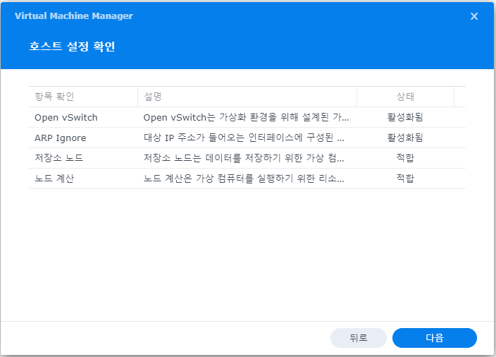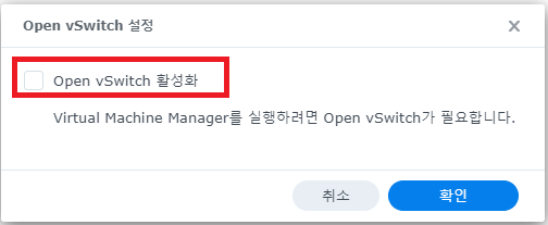 Open vSwitch 활성화에 체크하고 확인 버튼을 클릭한다.
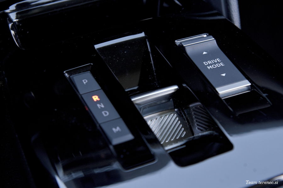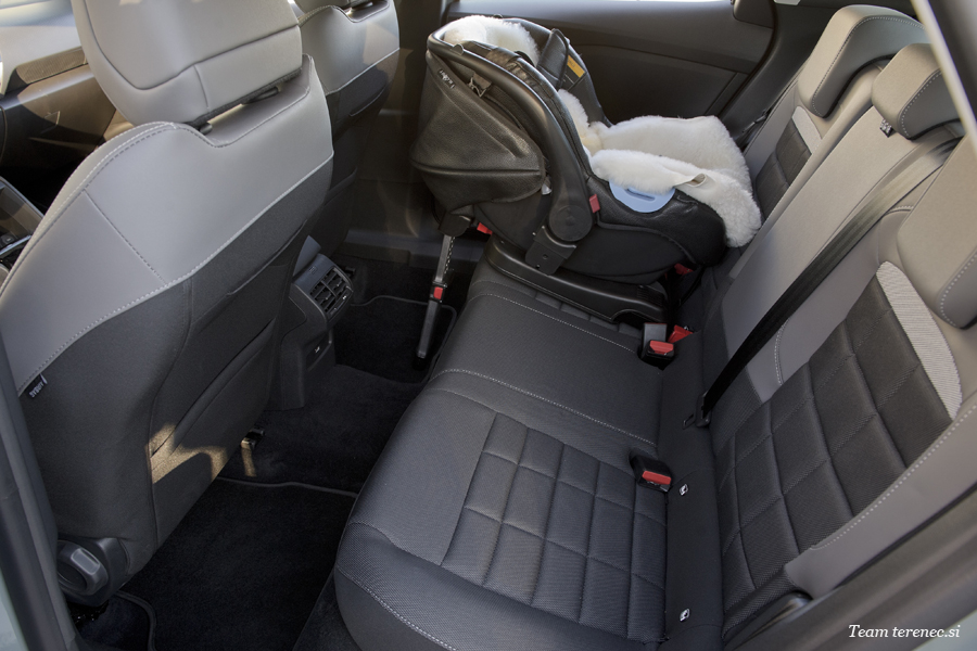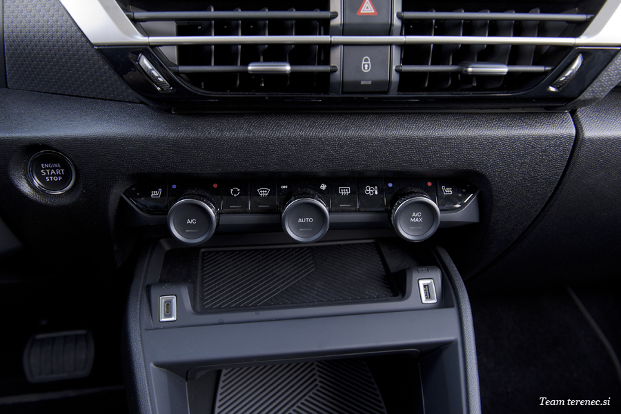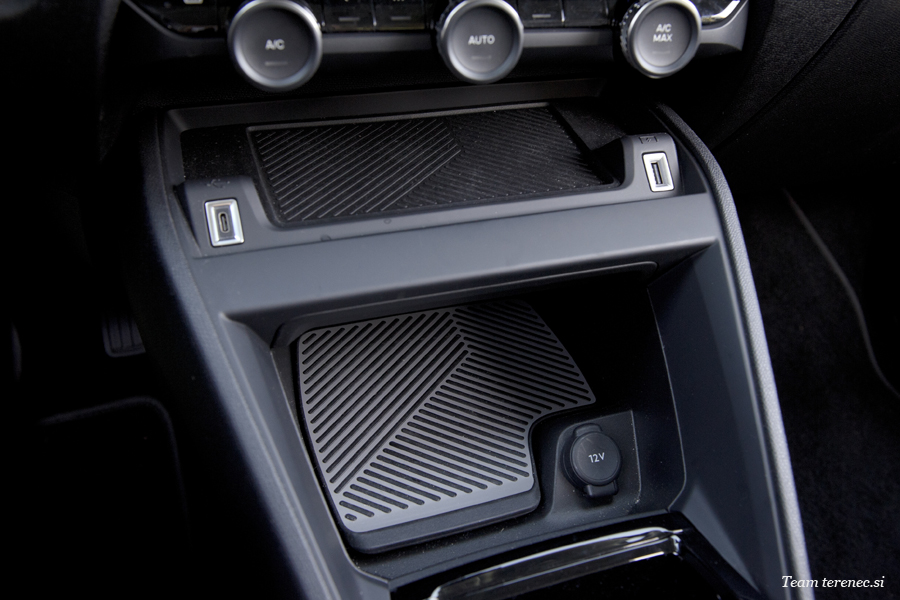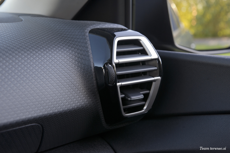 Gumbi za upravljanje dvopodročne klimatske naprave so klasični, pod njimi pa lahko najdemo prostor za odlaganje in brezžično polnjenje pametnih telefonov. Sredinska konzola med sedežema je iz svetleče plastike, ker se vidi vsak odtis prsta in prah, ki se na njej hitro nabere. Tu najdemo gumb za izbiranje voznega programa, elektronsko prestavni gumb in električno parkirno zavoro. V predalček se lahko vstavi dve pol-litrski plastenki ali kaj drugega. Pod naslonom za roke je večji prostor za odlaganje predmetov. Na zadnji klopi je prostora dovolj za noge. Po potrebi se lahko peljejo tudi trije, saj sredinski potnik na tleh nima tako visokega grebena, kot pri nekaterih znamkah.
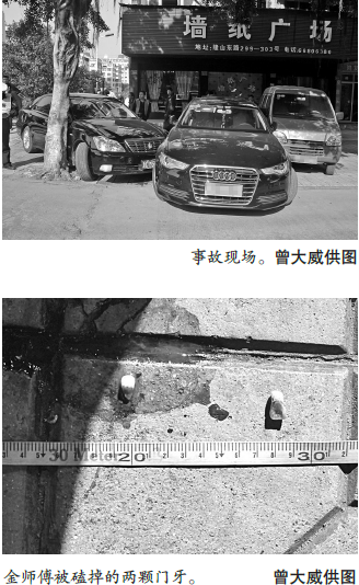 面对眼前一幕,蔡先生赶紧报警。他说,被撞男子脸朝下倒在地上,附近掉落着两颗磕掉的门牙,血迹斑斑。肇事丰田车卡在奥迪车与一棵行道树之间,丰田车车头左侧破损严重,而奥迪车右侧车身凹陷严重。肇事女司机下车后,显然被吓呆了,不停地哭泣。
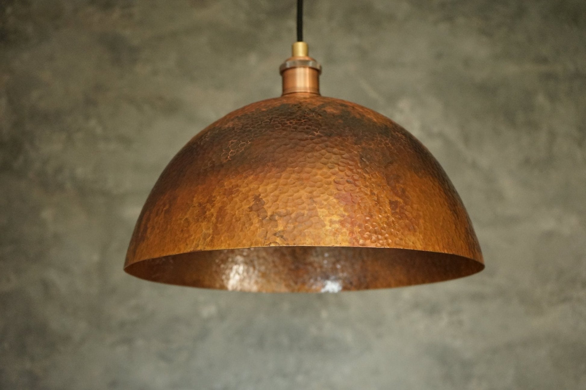 Oxidized Copper Pendant Light, Dome Ceiling Light, Hanging Kitchen Island Light Fixture
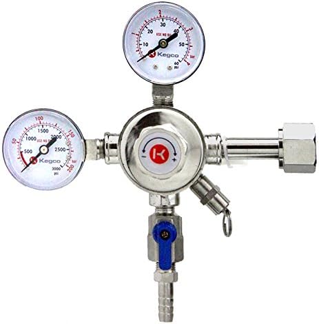Kegco dual gauge regulator features a gauge for output pressure and another to tell you the remaining Co2 volume

• _ASSIGNMENT_: Omitting the pictures, write out the material above exactly as it stands.

• _EXERCISE OUTPUT_:
 Open vSwitch 활성화에 체크하고 확인 버튼을 클릭한다.
 Gumbi za upravljanje dvopodročne klimatske naprave so klasični, pod njimi pa lahko najdemo prostor za odlaganje in brezžično polnjenje pametnih telefonov. Sredinska konzola med sedežema je iz svetleče plastike, ker se vidi vsak odtis prsta in prah, ki se na njej hitro nabere. Tu najdemo gumb za izbiranje voznega programa, elektronsko prestavni gumb in električno parkirno zavoro. V predalček se lahko vstavi dve pol-litrski plastenki ali kaj drugega. Pod naslonom za roke je večji prostor za odlaganje predmetov. Na zadnji klopi je prostora dovolj za noge. Po potrebi se lahko peljejo tudi trije, saj sredinski potnik na tleh nima tako visokega grebena, kot pri nekaterih znamkah.
 面对眼前一幕,蔡先生赶紧报警。他说,被撞男子脸朝下倒在地上,附近掉落着两颗磕掉的门牙,血迹斑斑。肇事丰田车卡在奥迪车与一棵行道树之间,丰田车车头左侧破损严重,而奥迪车右侧车身凹陷严重。肇事女司机下车后,显然被吓呆了,不停地哭泣。
 Oxidized Copper Pendant Light, Dome Ceiling Light, Hanging Kitchen Island Light Fixture
Kegco dual gauge regulator features a gauge for output pressure and another to tell you the remaining Co2 volume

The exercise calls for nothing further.